After the war, for her underground activity, Baker received the Croix de guerre and the Rosette de la Résistance, and was made a Chevalier of the Légion d’honneur by General Charles de Gaulle.…

Later years and death
In 1964, Josephine Baker lost her castle due to unpaid debts; after, Princess Grace offered her an apartment in Roquebrune, near Monaco.

Baker was back on stage at the Olympia in Paris in 1968, in Belgrade in 1973, at Carnegie Hall in 1973, at the Royal Variety Performance at the London Palladium in 1974 and at the Gala du Cirque in Paris in 1974. On April 8, 1975, Baker starred in a retrospective revue at the Bobino in Paris, Joséphine à Bobino 1975, celebrating her 50 years in show business. The revue, financed notably by Prince Rainier, Princess Grace, and Jacqueline Kennedy Onassis, opened to rave reviews. Demand for seating was such that fold-out chairs had to be added to accommodate spectators. The opening night audience included Sophia Loren, Mick Jagger, Shirley Bassey, Diana Ross, and Liza Minnelli.

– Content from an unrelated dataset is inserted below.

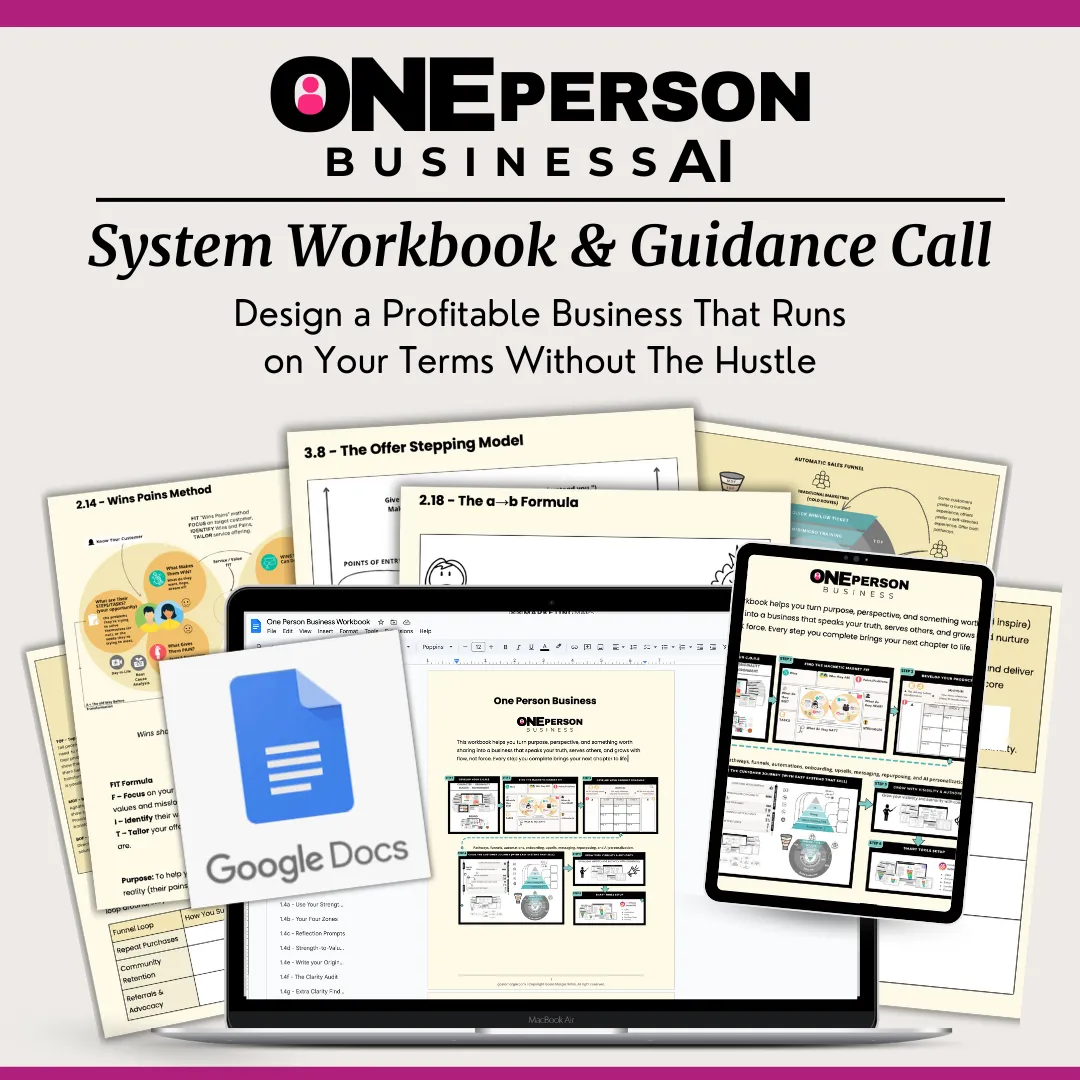 The One Person Business AI System Workbook Plus a Personalized Support Call along with text support

Four days later, Baker was found lying peacefully in her bed surrounded by newspapers with glowing reviews of her performance. She was in a coma after suffering a cerebral hemorrhage. She was taken to Pitié-Salpêtrière Hospital, where she died, aged 68, on April 12, 1975. She received a full Roman Catholic funeral which was held at L’Église de la Madeleine. The only American-born woman to receive full French military honors at her funeral, Baker locked up the streets of Paris one last time. After a family service at Saint-Charles Church in Monte Carlo, Baker was interred at Monaco’s Cimetière de Monaco.